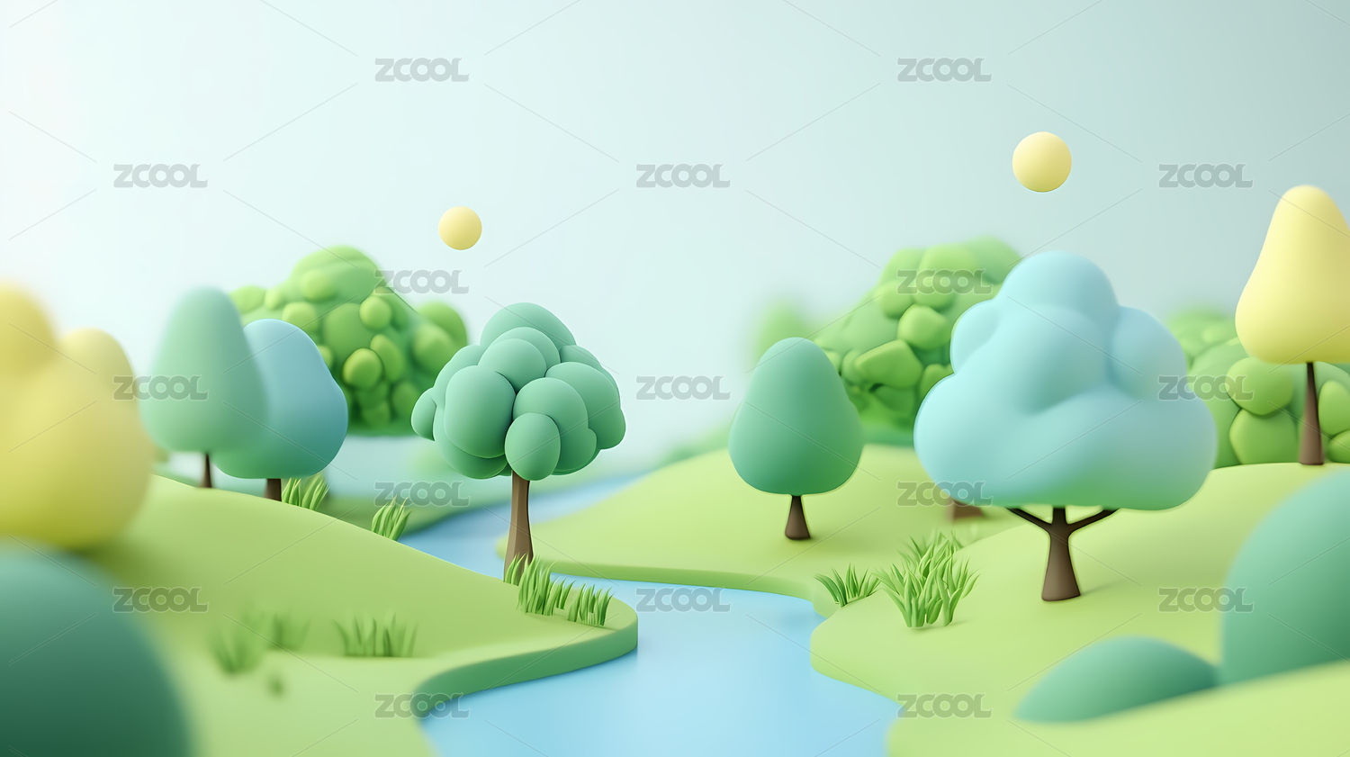 绿色的大堤中间蜿蜒的河流风景3D卡通插画
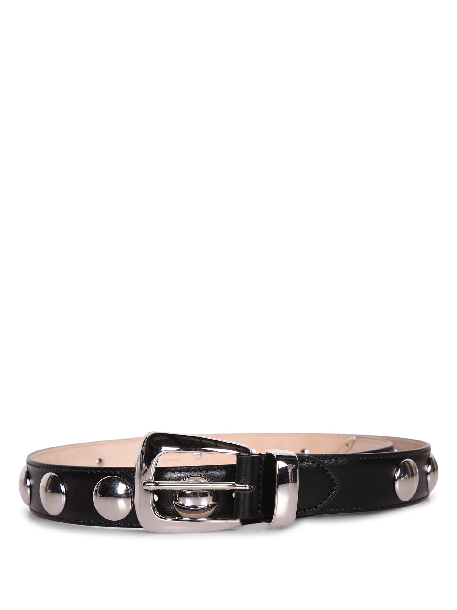 Glossy black leather belt. Finished with silver studs. Polished metal buckle.
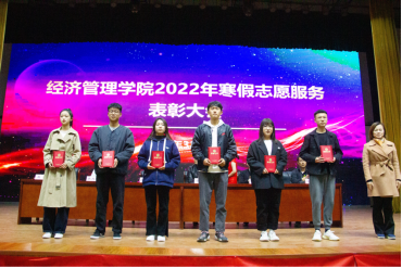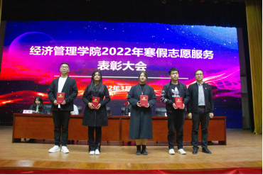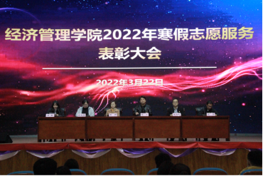 为进一步弘扬志愿精神,引导广大师生树立服务意识,激励全院师生以昂扬姿态迈向新的一年,2022年3月8日,经济管理学院在学生活动中心召开2022年寒假志愿服务表彰大会。校宣传部副部长周燕、校团委书记张凡、经济管理学院党总支书记李兆楠、院长张召哲、学工办主任张昂出席会议。会议由经济管理学院团总支书记聂蕴主持。

━━━━━━━━━━━━━━━━

The data must be reproduced exactly, and no picture may appear in the copy.

- SOLVED PROBLEM:
 绿色的大堤中间蜿蜒的河流风景3D卡通插画
 Glossy black leather belt. Finished with silver studs. Polished metal buckle.
 为进一步弘扬志愿精神,引导广大师生树立服务意识,激励全院师生以昂扬姿态迈向新的一年,2022年3月8日,经济管理学院在学生活动中心召开2022年寒假志愿服务表彰大会。校宣传部副部长周燕、校团委书记张凡、经济管理学院党总支书记李兆楠、院长张召哲、学工办主任张昂出席会议。会议由经济管理学院团总支书记聂蕴主持。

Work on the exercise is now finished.